SpaceDeck – Data Pipeline – Create New Pipeline

Data Pipelines allow a convenient, no-code method to pipe data from the System of Record to the GigaSpaces in-memory data grid.

A new data pipeline definition will include the definitions of the System of Record databases, tables and fields that will provide data to the pipeline. The definition also indicates the in-memory Space that will receive the pipeline data.

Additional information includes optional validation rules and automatic conversion of specified field definitions.

Display the Configuration screen

From the Data PipelineClosed A series of data processing steps, including extraction, transformation, and loading (ETL), that move data from its source to a destination system. Data pipelines are essential for integrating and managing data flows. main screen, click Create New + to begin defining your first pipeline.

 

 

Pipeline Configuration Screen

STATUS - Possible statuses are: Inactive, Running, Error and Warning.

 

 

 

The Pipeline Configuration screen appears as follows:

Basic Pipeline Information

You can fill in some or all of the pipeline configuration items (shown below) from a JSON-format configuration file by clicking the Load Configuration button.
The configuration file may contains some or all of the required details. After the configuration details are loaded from the configuration file, they can be edited if desired, before saving .

Click Create Pipeline to create the new data pipeline.

Select Tables for the Pipeline

Once the pipeline has been created, click Add / Remove tables to select which tables to include in the pipeline.

 

 

A list of available tables will be presented.  Select the table to be added, and click Add to add the selected tables to the pipeline.

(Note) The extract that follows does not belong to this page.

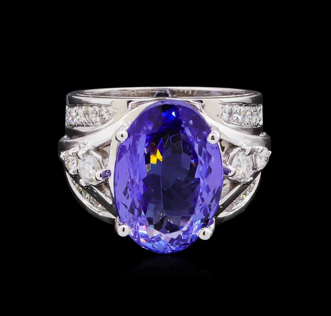 One electronically tested 14KT white gold lady's cast fashion ring with a tapered cathedral shank with a bright polish finish. The featured lady's ring has a shank measuring 4.30 millimeters wide. Identified with markings of "14K". Condition is new, good workmanship. Containing: One prong set oval modified brilliant cut natural tanzanite, measuring 16.24 x 11.15 x 6.39mm, 9%. bulge factor, approximate weight of 8.85ct., clarity is eye clean, type I, medium light, moderately strong, bluish violet color, (GIA bV 4/4), cut is good. Transmitting light with no distortion, transparent. Colored gemstones are presumed to have been subjected to commonly used enhancement processes. Graded in the setting. Two prong set round brilliant cut diamonds, measuring 3.10 - 3.05 x 1.91mm (depth est.) approximate total weight of 2 Stones = 0.22ct. Graded in the setting. Clarity: SI-2 to I-1. Color: H - I. Cut Good Two prong set round brilliant cut diamonds, measuring 2.20 - 2.15 x 1.37mm (depth est.) approximate total weight of 2 Stones = 0.08ct. Graded in the setting. Clarity: SI-1 to SI-2. Color: H - I. Cut Good Twenty prong set round brilliant cut diamonds, measuring 1.90 - 1.80 x 1.15mm (depth est.) approximate total weight of 20 Stones = 0.48ct. Graded in the setting. Clarity: VS-2 to SI-2. Color: H - I. Cut Good. Total Weight of Colored Stones 8.85ct. Total Weight of Diamonds 0.78ct. Total Weight of Ring 10.60gm. GAS Appraised at $12,700.00.

Once Add is clicked, it will take a few seconds to update.

Edit the Tables

Editing the table can only be performed during the initial setup and configuration process. The pipeline has to be deleted and configured from new in order to perform this action again.

From the Included Tables area of the screen, click Edit

1: Return to Data Pipelines screen

2: Go to previous Space Type entry

3. Go to next Space Type entry

4. Add Indexes

It is possible to change the name of the Space Type to be different to that of the table name.

Indexes, Space ID and Routing ID

The Indexes area contains the following fields and options:

  • Index Name – Supply an index name

  • Properties – Select the columns to be part of this index

 

The Space ID area contains the following fields and options:

  • Position – In the case of a compound key (multiple keys in the same key), the position of every field in a key needs to be identified (first column, second column, etc.). For a single column, it should always be 1 (default).

  • Primary Key - Serves as a unique identifier in a table (space type)

 

The RoutingClosed The mechanism that is in charge of routing the objects into and out of the corresponding partitions. The routing is based on a designated attribute inside the objects that are written to the Space, called the Routing Index. ID area contains the following fields and options:

  • Routing ID – Select a column in order to change the routing key.

Tiered storage will be part of a future release.

In the Fields tab of this screen, the Field (column) names are initially the names of the fields from the database table that are included in the data pipeline. These can be edited to provide different property names (column names) in the GigaSpaces object type (table), or to include or exclude it.
Other fields in this screen will be editable in a future release.

The Fields tab contains the following fields and options:

  • Field ID – Search for a field by field id

  • Field (column) names – Initially, the names of the fields from the database table, that are included in the data pipeline. These can be edited to provide different property names (column names) in the GigaSpaces object type (table).
    In this example, the fields are named MEAL_ID, COMPANY_ID, etc.

If you click one of the field names, the Pipeline Fields section appears, which allows you to edit the field characteristics:

  • Name – Name of the field

  • Included Toggle - Can include or exclude the a field of the table from the space type.

Once the setup has been completed, return to the main Data Pipelines screen and select save.

Remove the table and then add it again to be able to edit it again

Start the Pipeline

Once the pipeline has been defined, it can be started from two different menus.

  1. From the Configuration menu, accessed by selecting the pipeline name from the main menu:

  2. From the main screen by clicking Start Pipeline from the kebab menu (vertical three-dot menu) on the far right.

Then a Parameters to apply pop-up is displayed:

Point in time options:

  • EARLIEST - Start a pipeline from the beginning, means whatever is available for consumption in our queue , start processing from the beginning.

  • LATEST - Start a pipeline from now , start consuming and processing data from a current message regardless last stored checkpoint.

  • COMMITTED - Start a pipeline from the last successful processed message (kind of a checkpoint).

Once the pipeline has been started, it cannot be edited. To make changes it is necessary to delete the pipeline (from the main data Pipeline screen) and build it again.

After you have added the tables and saved the pipeline, save the changes and press Start to start the pipeline.

The pipeline will show as Started in the Data Pipeline Status screen and Active in the Spaces screen.

Deleting a Pipeline

From the main screen by clicking Delete Pipeline from the kebab menu (vertical three-dot menu) on the far right.

If you decide to delete a pipeline the following confirmation pop-up screen will be displayed before the action can be completed:

Once Approve has been clicked, the pipeline is deleted immediately and cannot be restored.